• **WHAT TO PRODUCE**:
Look below. Copy each line that has "Septiembre" in it.

• **LISTED RECORDS**:
+ + + + +

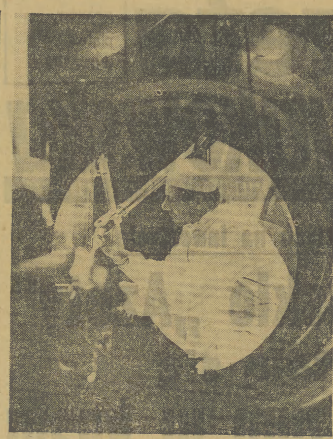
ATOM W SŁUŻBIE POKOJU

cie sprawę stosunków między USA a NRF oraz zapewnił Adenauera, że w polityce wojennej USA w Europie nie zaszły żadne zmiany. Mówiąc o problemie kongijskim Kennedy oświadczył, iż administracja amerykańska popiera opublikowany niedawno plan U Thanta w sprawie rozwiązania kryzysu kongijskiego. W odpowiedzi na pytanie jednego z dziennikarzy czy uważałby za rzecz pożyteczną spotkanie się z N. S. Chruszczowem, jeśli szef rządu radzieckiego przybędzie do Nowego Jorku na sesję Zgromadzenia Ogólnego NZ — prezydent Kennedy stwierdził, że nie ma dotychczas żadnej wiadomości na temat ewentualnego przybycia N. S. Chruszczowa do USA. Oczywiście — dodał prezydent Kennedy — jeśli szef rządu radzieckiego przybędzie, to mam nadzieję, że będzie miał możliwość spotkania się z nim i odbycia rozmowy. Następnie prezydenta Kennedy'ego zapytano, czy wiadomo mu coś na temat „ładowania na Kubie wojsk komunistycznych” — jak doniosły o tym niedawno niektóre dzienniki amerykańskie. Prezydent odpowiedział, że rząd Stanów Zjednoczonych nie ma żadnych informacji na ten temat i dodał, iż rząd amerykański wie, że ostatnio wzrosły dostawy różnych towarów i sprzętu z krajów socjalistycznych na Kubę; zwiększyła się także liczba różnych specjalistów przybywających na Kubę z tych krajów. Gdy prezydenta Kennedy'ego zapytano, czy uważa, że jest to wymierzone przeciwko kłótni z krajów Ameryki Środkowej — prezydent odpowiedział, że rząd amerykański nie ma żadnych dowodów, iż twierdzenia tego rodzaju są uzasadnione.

+ + + + +

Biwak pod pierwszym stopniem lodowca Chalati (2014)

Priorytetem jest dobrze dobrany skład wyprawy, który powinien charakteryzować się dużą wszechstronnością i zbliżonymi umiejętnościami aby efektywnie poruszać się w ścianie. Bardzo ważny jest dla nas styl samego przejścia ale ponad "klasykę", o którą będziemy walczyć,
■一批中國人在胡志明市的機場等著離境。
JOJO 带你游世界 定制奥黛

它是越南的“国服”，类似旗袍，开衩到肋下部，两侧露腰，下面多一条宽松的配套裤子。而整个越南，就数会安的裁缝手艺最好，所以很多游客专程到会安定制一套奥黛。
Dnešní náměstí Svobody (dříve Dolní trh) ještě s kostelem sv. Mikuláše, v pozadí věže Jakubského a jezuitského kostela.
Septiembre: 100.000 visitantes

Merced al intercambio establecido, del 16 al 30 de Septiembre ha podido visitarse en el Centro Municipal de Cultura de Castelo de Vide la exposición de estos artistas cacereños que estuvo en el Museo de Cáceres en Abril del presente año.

+ + + + +

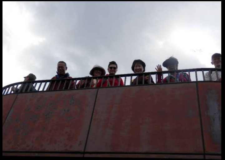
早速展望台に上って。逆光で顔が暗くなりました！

+ + + + +

• **SOLUTION FOR THIS TASK**:
Septiembre: 100.000 visitantes
Merced al intercambio establecido, del 16 al 30 de Septiembre ha podido visitarse en el Centro Municipal de Cultura de Castelo de Vide la exposición de estos artistas cacereños que estuvo en el Museo de Cáceres en Abril del presente año.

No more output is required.